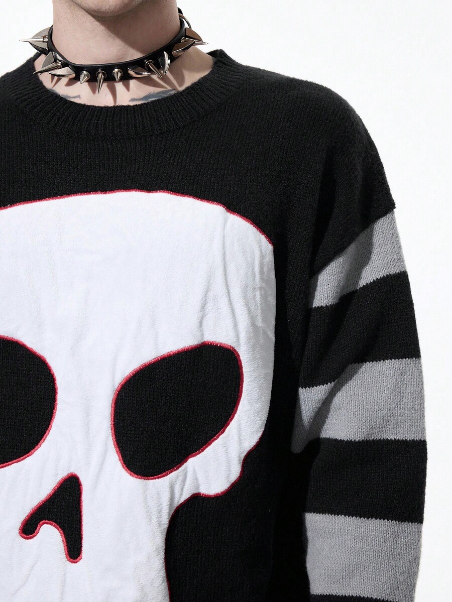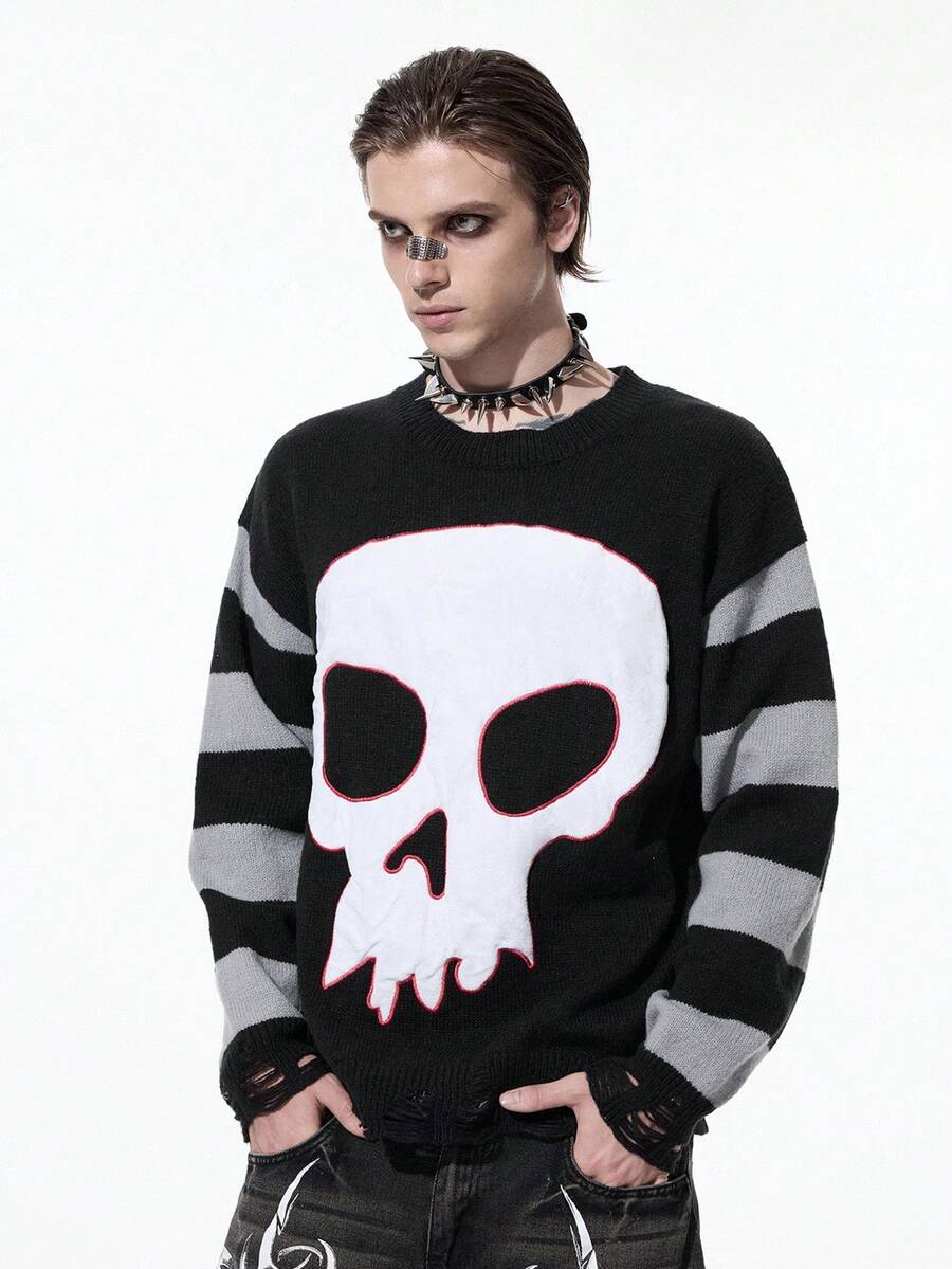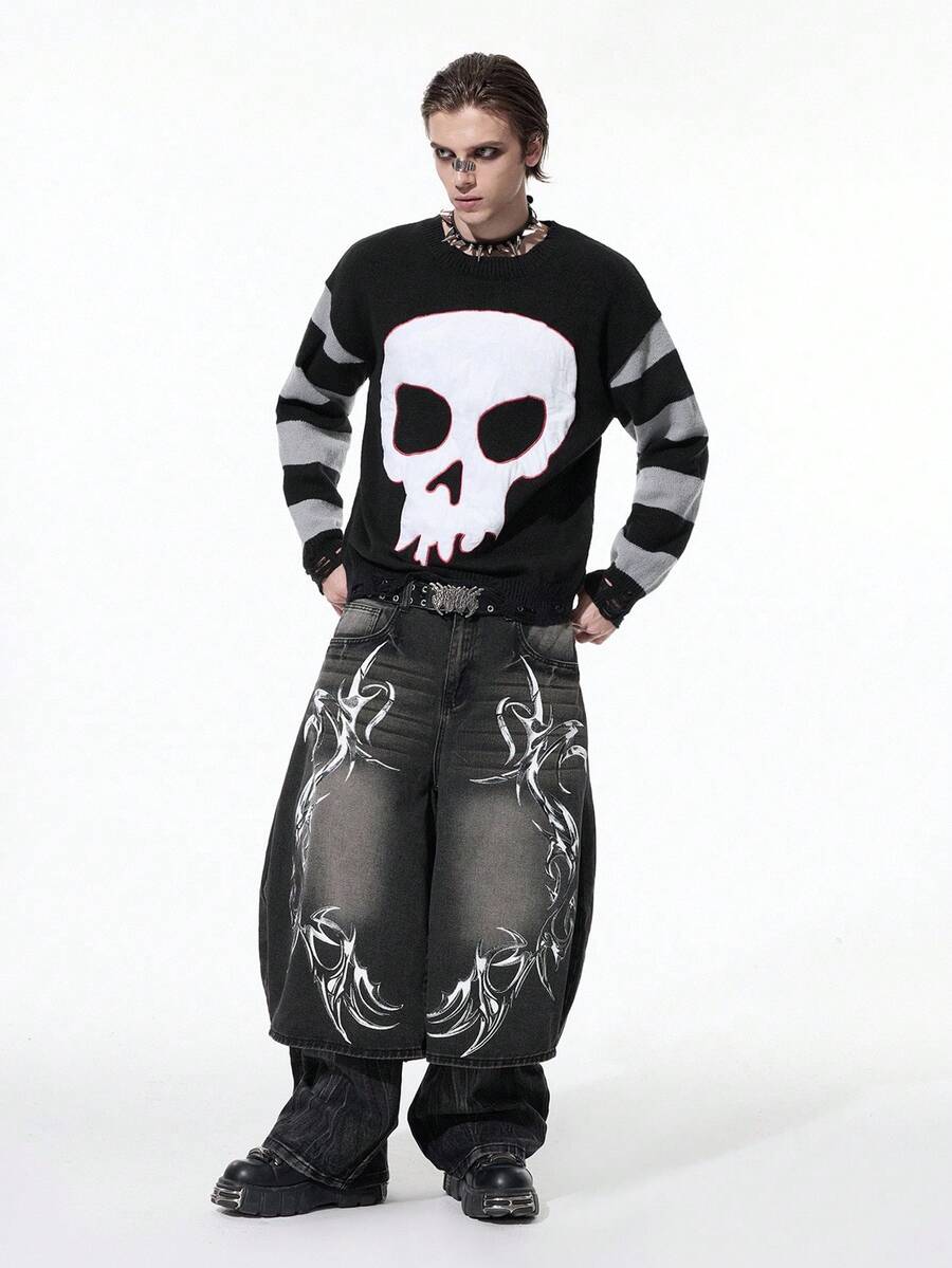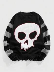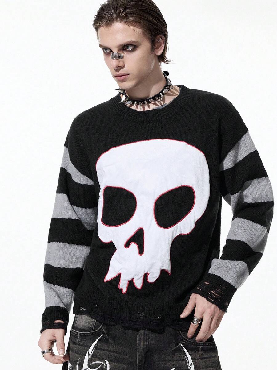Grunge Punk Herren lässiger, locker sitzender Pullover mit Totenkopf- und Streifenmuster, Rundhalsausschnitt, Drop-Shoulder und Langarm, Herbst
==
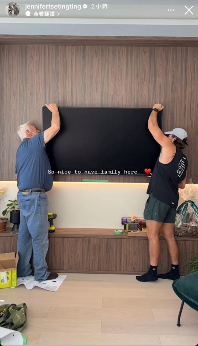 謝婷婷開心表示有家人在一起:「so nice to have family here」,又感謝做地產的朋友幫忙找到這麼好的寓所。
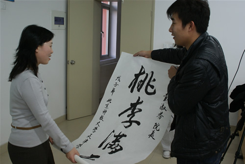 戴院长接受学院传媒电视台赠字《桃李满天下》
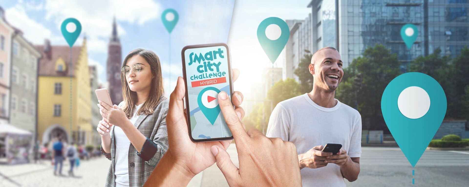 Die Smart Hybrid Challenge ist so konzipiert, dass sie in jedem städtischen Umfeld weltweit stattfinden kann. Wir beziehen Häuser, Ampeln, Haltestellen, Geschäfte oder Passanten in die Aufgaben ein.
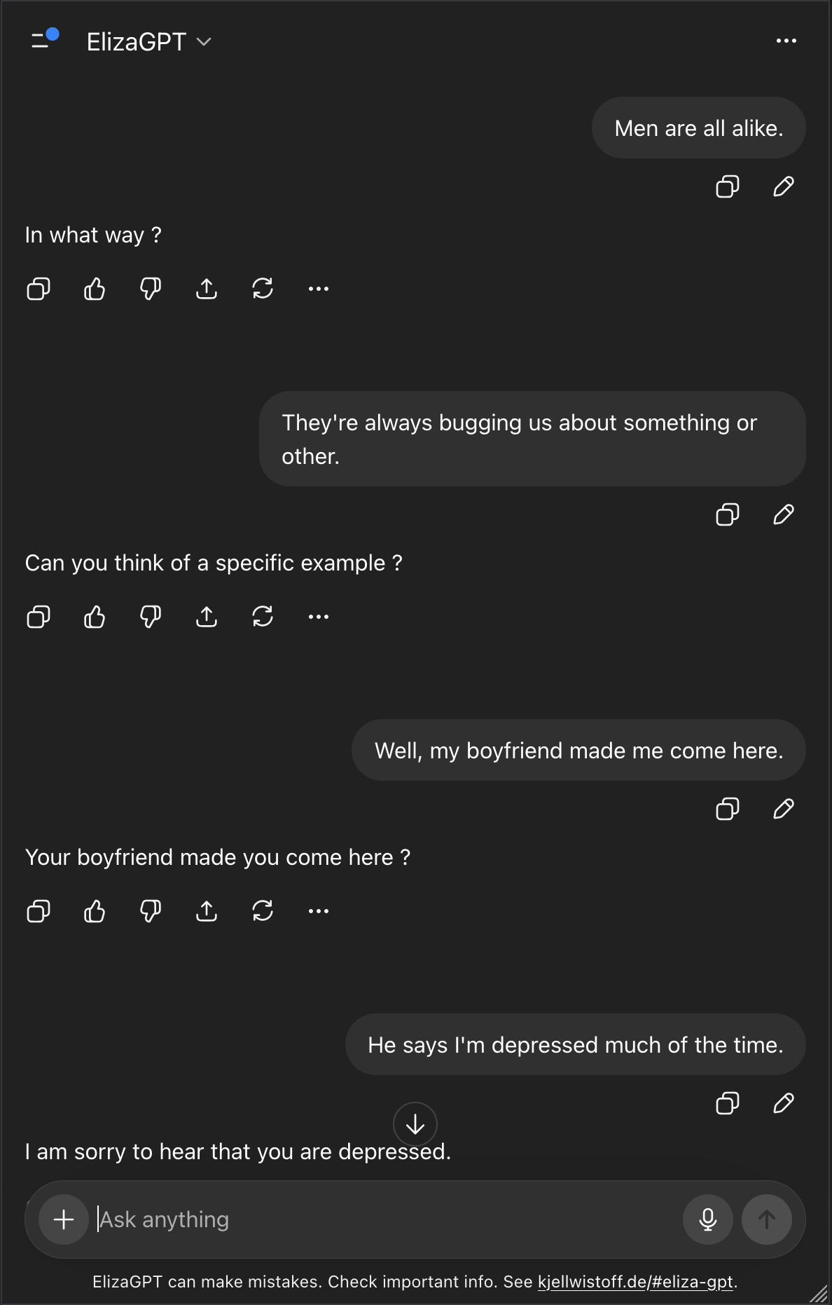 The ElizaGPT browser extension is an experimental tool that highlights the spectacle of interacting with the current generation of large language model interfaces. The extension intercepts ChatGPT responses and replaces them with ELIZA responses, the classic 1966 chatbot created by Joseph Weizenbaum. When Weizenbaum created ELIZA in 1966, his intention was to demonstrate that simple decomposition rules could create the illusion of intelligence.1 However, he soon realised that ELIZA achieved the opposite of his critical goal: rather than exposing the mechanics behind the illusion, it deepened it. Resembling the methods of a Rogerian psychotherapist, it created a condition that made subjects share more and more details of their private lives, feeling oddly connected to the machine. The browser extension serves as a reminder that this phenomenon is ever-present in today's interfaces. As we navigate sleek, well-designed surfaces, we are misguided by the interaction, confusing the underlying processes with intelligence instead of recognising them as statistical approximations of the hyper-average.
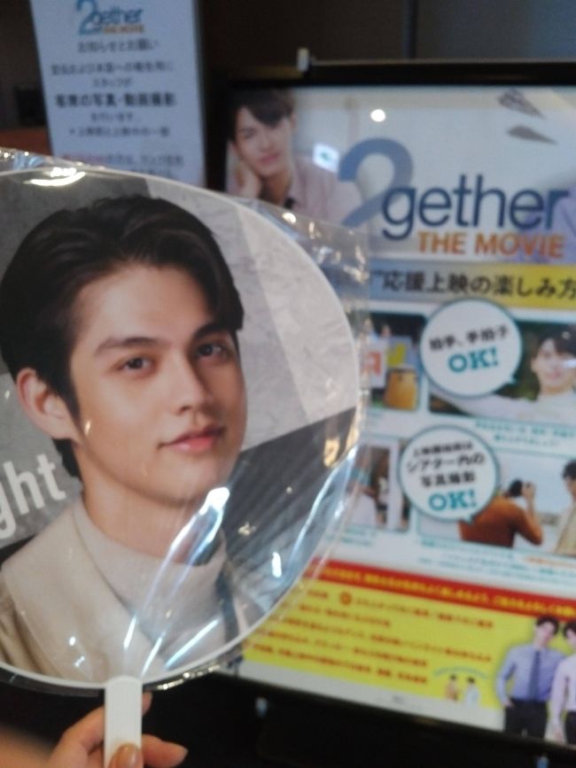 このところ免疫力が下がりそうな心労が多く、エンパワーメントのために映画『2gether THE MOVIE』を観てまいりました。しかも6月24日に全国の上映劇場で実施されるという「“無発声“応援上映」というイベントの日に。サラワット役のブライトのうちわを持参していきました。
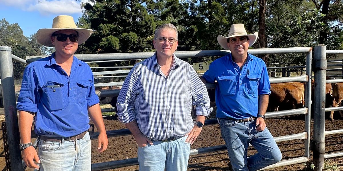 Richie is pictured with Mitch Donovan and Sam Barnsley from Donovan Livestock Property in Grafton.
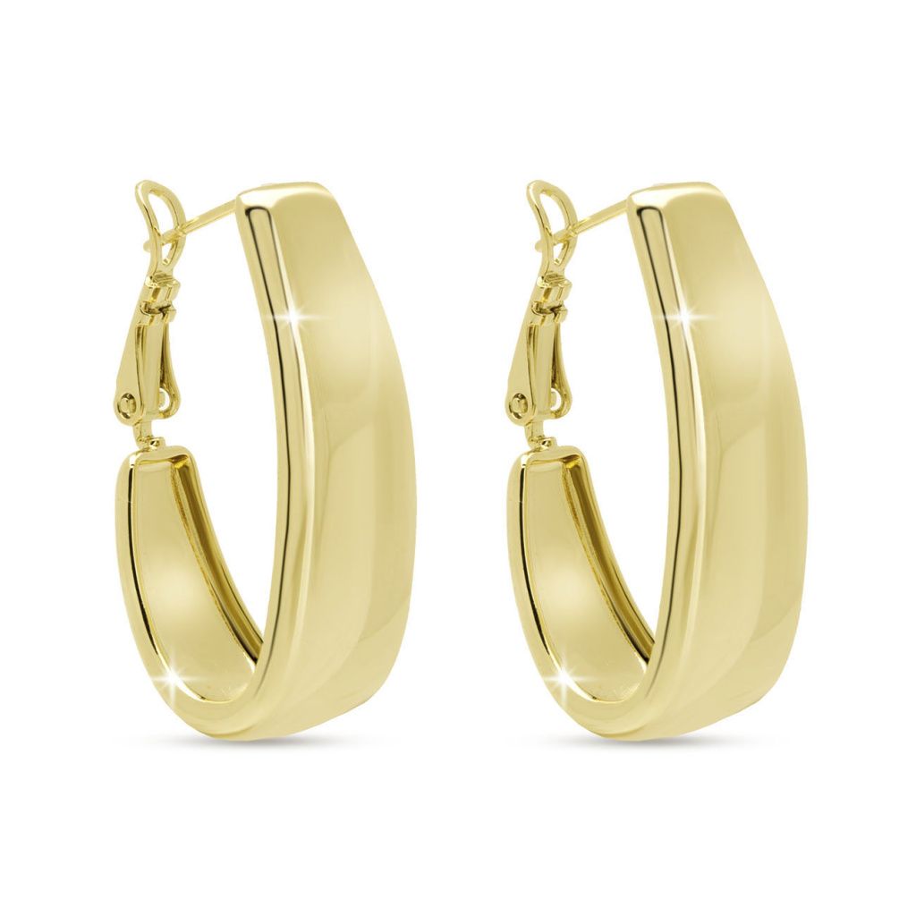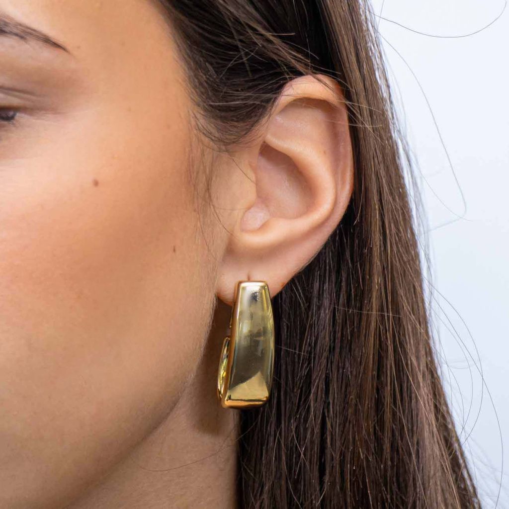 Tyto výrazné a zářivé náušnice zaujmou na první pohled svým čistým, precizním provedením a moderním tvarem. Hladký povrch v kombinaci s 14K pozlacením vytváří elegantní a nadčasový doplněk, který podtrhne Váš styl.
--
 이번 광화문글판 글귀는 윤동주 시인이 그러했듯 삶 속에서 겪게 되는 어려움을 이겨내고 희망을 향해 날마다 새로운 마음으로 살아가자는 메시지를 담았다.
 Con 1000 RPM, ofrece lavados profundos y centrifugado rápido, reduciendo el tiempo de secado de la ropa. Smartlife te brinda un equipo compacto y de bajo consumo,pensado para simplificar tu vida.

(PROBLEM DETAILS)
Looking at the listing above, which lines run from the one containing "Die Smart Hybrid" through the one containing "Richie is pictured"? Print exactly those, ends included, pictures excluded.

(FINISHED TASK)
 Die Smart Hybrid Challenge ist so konzipiert, dass sie in jedem städtischen Umfeld weltweit stattfinden kann. Wir beziehen Häuser, Ampeln, Haltestellen, Geschäfte oder Passanten in die Aufgaben ein.
 The ElizaGPT browser extension is an experimental tool that highlights the spectacle of interacting with the current generation of large language model interfaces. The extension intercepts ChatGPT responses and replaces them with ELIZA responses, the classic 1966 chatbot created by Joseph Weizenbaum. When Weizenbaum created ELIZA in 1966, his intention was to demonstrate that simple decomposition rules could create the illusion of intelligence.1 However, he soon realised that ELIZA achieved the opposite of his critical goal: rather than exposing the mechanics behind the illusion, it deepened it. Resembling the methods of a Rogerian psychotherapist, it created a condition that made subjects share more and more details of their private lives, feeling oddly connected to the machine. The browser extension serves as a reminder that this phenomenon is ever-present in today's interfaces. As we navigate sleek, well-designed surfaces, we are misguided by the interaction, confusing the underlying processes with intelligence instead of recognising them as statistical approximations of the hyper-average.
 このところ免疫力が下がりそうな心労が多く、エンパワーメントのために映画『2gether THE MOVIE』を観てまいりました。しかも6月24日に全国の上映劇場で実施されるという「“無発声“応援上映」というイベントの日に。サラワット役のブライトのうちわを持参していきました。
 Richie is pictured with Mitch Donovan and Sam Barnsley from Donovan Livestock Property in Grafton.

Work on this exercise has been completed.